(Saved entries)
================
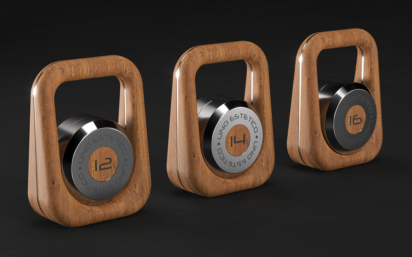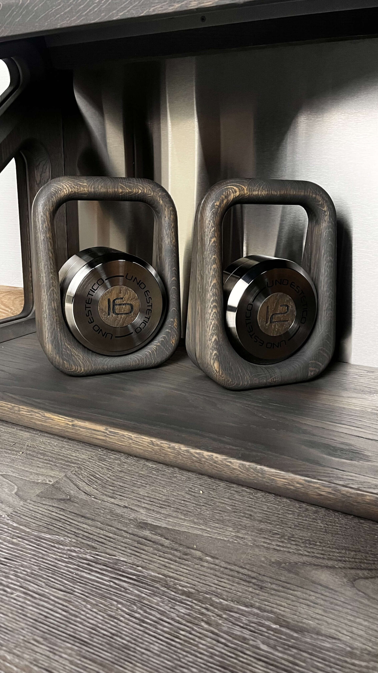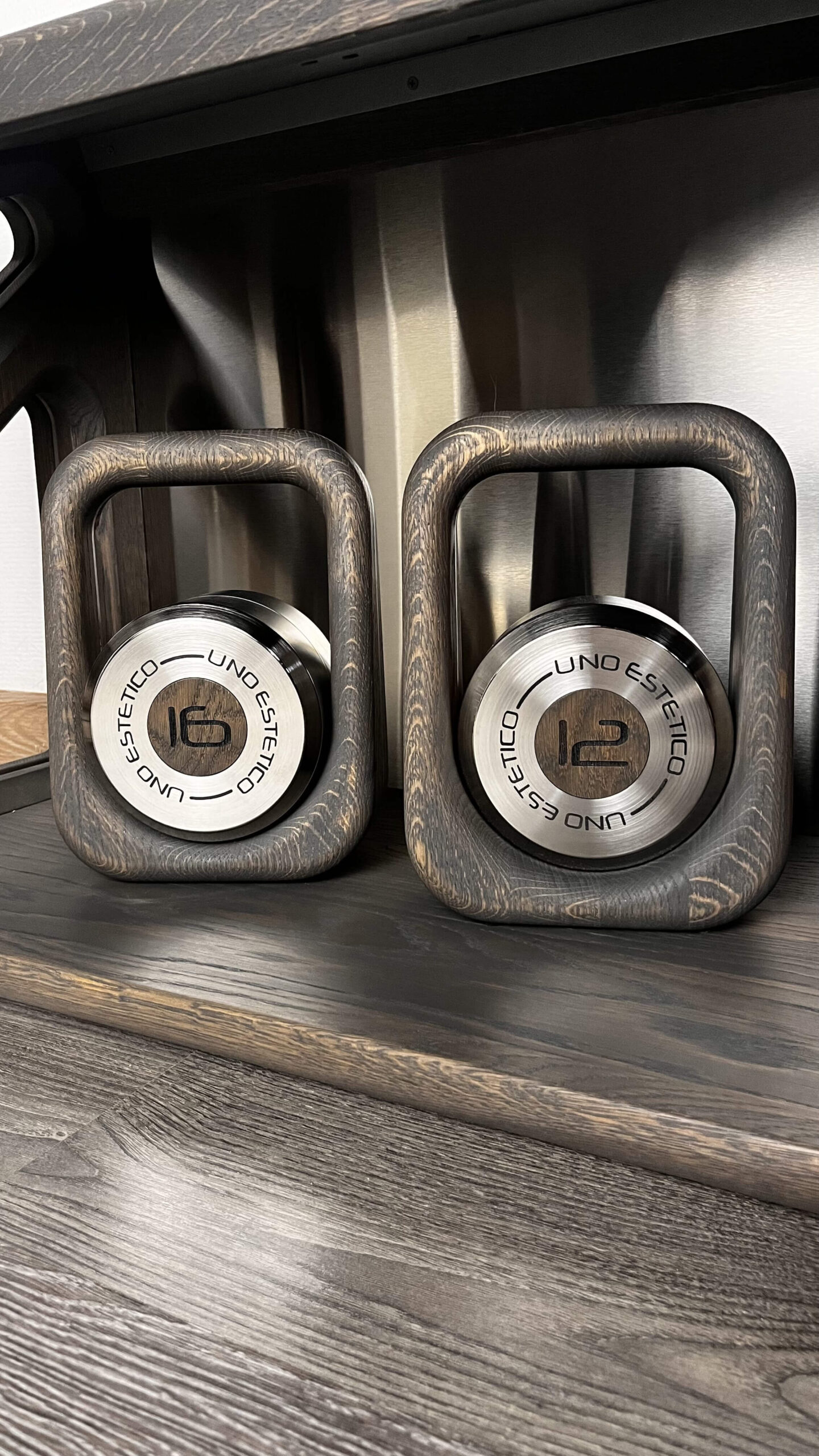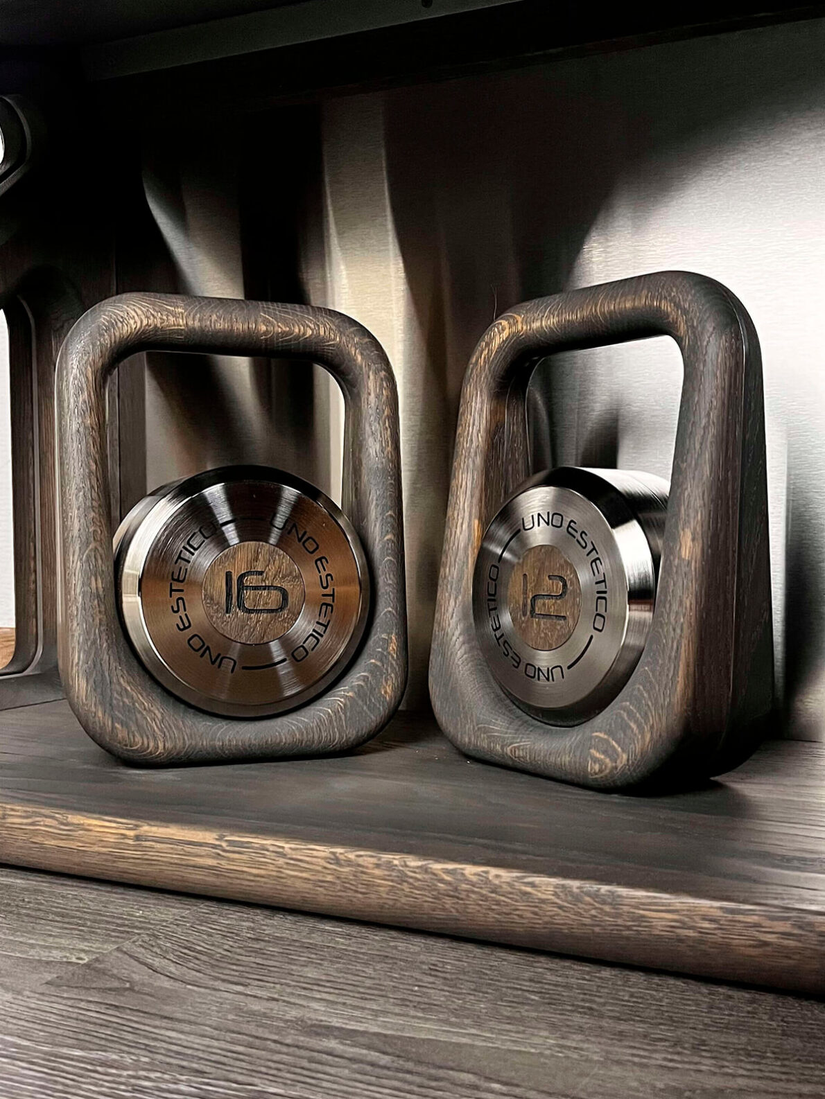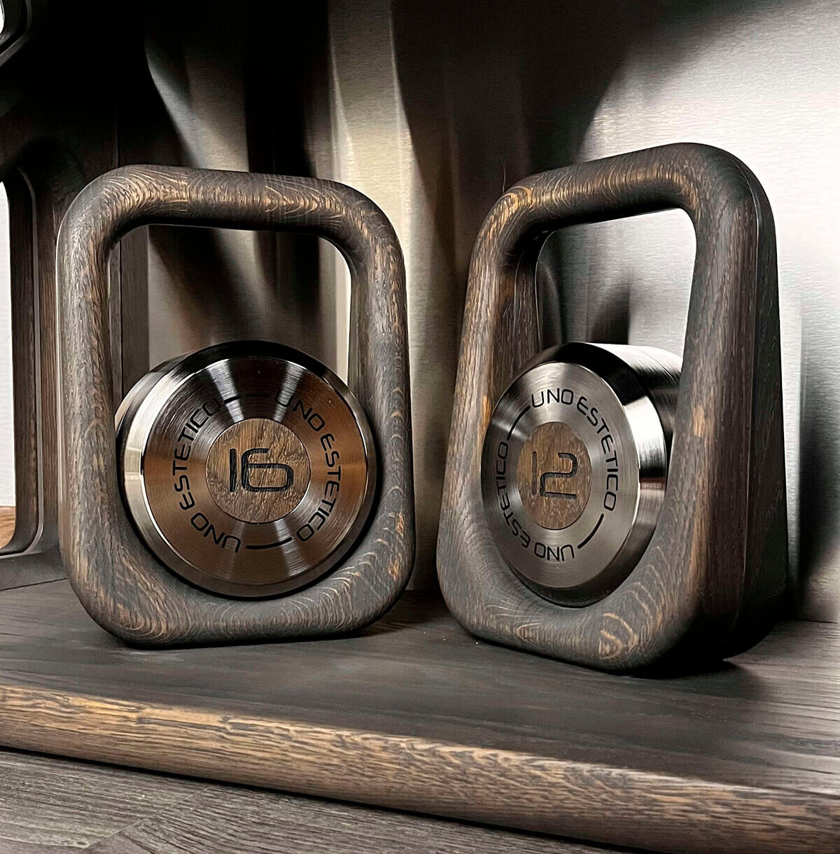 Гири UNO BRIO 12-16 кг из массива дуба и нержавеющей стали AISI
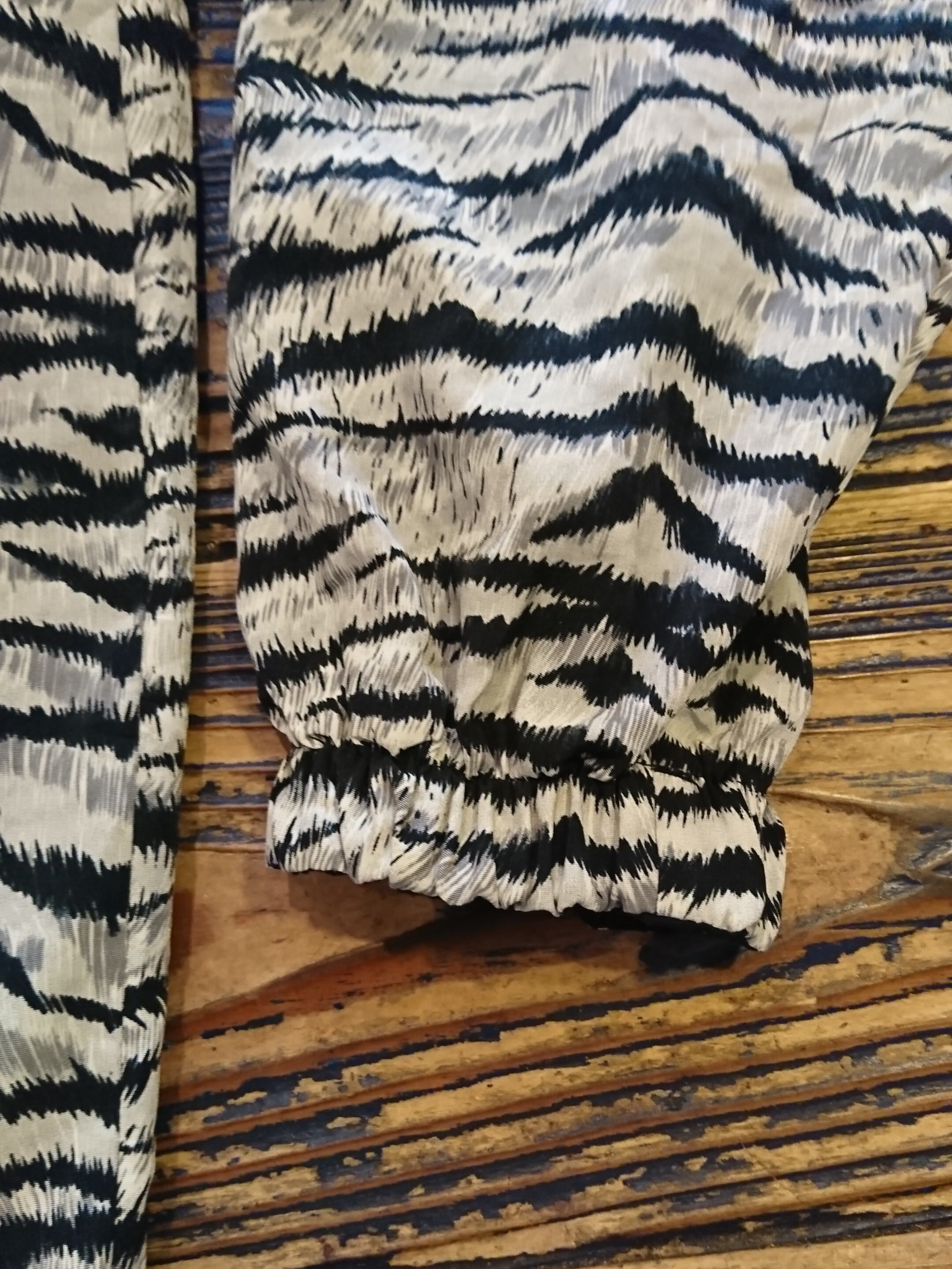 フロントは回転ジッパーで上まで閉めるとジャージを着てるかのようにストリートな雰囲気にも。古くはありませんが着方で遊べる1着です。
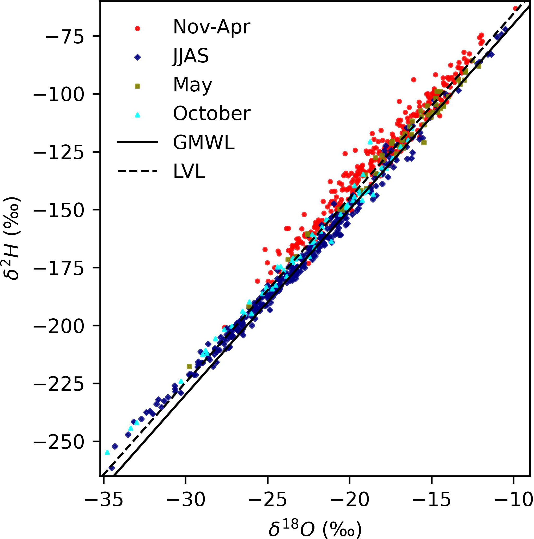 Figure 2Relationship between vapor δ2H and δ18O. The data are presented for different seasons: non-monsoon (November–April) as red dots, summer monsoon (JJAS) as navy diamonds, May as olive squares, and October as cyan triangles. The solid line indicates the global meteoric water line (GMWL). The dashed line indicates the local vapor line (LVL) estimated from all the δ2H and δ18O data points.
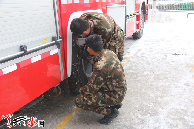 天天天水网讯(通讯员 景辽强)1月24日上午,天水市公安消防支队七里墩队官兵正在为执勤消防车辆安装防滑链。
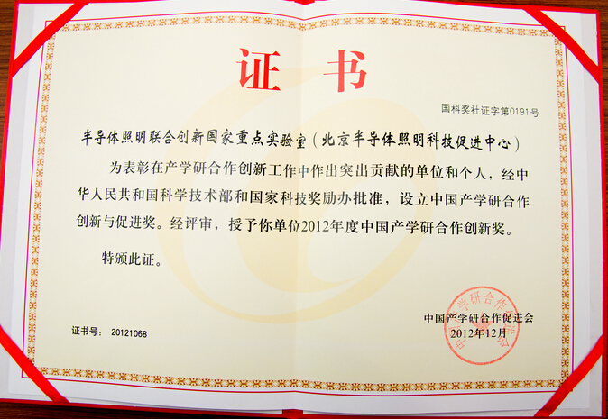 圖為半導(dǎo)體照明聯(lián)合創(chuàng)新國家重點(diǎn)實(shí)驗(yàn)室榮獲中國產(chǎn)學(xué)研合作促進(jìn)會“2012年度中國產(chǎn)學(xué)研合作創(chuàng)新獎(jiǎng)”獲獎(jiǎng)證書。
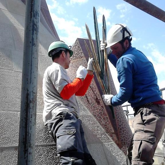 72 patinated bronze palms that surround the dome of the sacristy of the Sagrada Família on the outside. In all the palms we polished a series of leaves so that the bronze-yellow color remained in contrast to the green color of the patina given to the foundry.
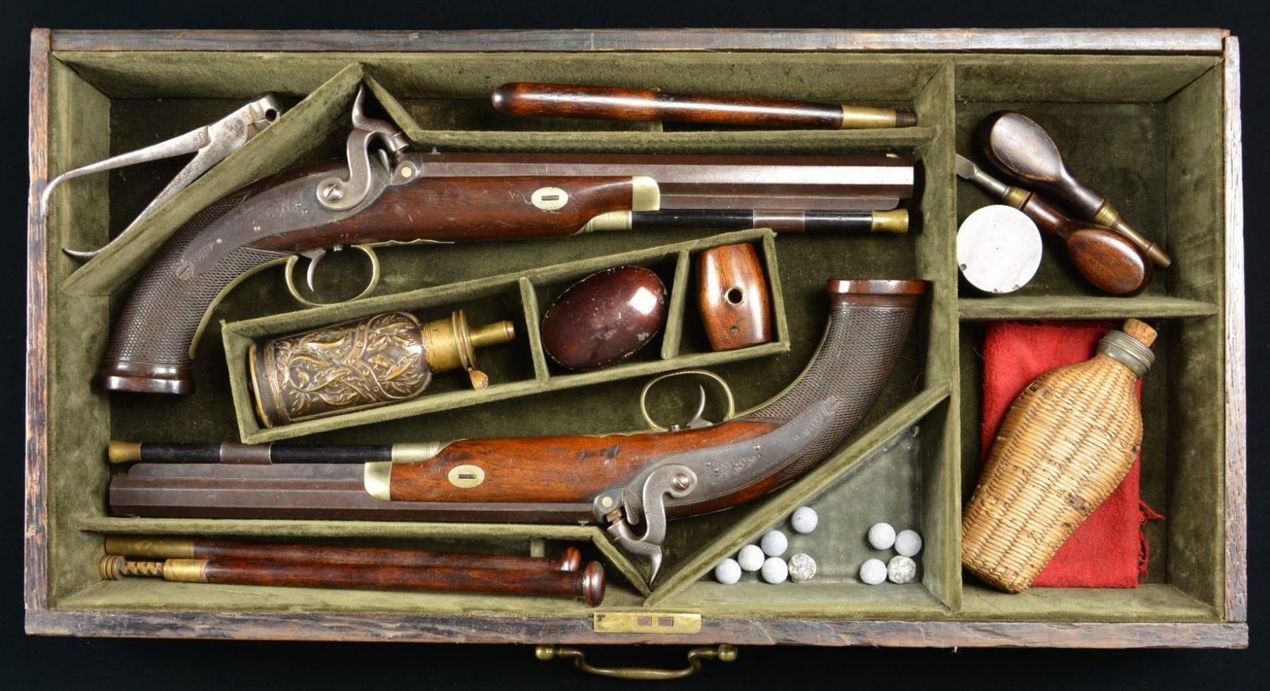 AUGUSTA GA DUELING OR TARGET PISTOLS IN FURNITURE CASING. Cal. 54. NSN. This unique pair of pistols mounted in a small cabinet originated from the late John Montague’s collection of Southern duelers.
================
### Task
Set down the entries above exactly, and keep every picture out of your copy.

### Task answer
 Гири UNO BRIO 12-16 кг из массива дуба и нержавеющей стали AISI
 フロントは回転ジッパーで上まで閉めるとジャージを着てるかのようにストリートな雰囲気にも。古くはありませんが着方で遊べる1着です。
 Figure 2Relationship between vapor δ2H and δ18O. The data are presented for different seasons: non-monsoon (November–April) as red dots, summer monsoon (JJAS) as navy diamonds, May as olive squares, and October as cyan triangles. The solid line indicates the global meteoric water line (GMWL). The dashed line indicates the local vapor line (LVL) estimated from all the δ2H and δ18O data points.
 天天天水网讯(通讯员 景辽强)1月24日上午,天水市公安消防支队七里墩队官兵正在为执勤消防车辆安装防滑链。
 圖為半導(dǎo)體照明聯(lián)合創(chuàng)新國家重點(diǎn)實(shí)驗(yàn)室榮獲中國產(chǎn)學(xué)研合作促進(jìn)會“2012年度中國產(chǎn)學(xué)研合作創(chuàng)新獎(jiǎng)”獲獎(jiǎng)證書。
 72 patinated bronze palms that surround the dome of the sacristy of the Sagrada Família on the outside. In all the palms we polished a series of leaves so that the bronze-yellow color remained in contrast to the green color of the patina given to the foundry.
 AUGUSTA GA DUELING OR TARGET PISTOLS IN FURNITURE CASING. Cal. 54. NSN. This unique pair of pistols mounted in a small cabinet originated from the late John Montague’s collection of Southern duelers.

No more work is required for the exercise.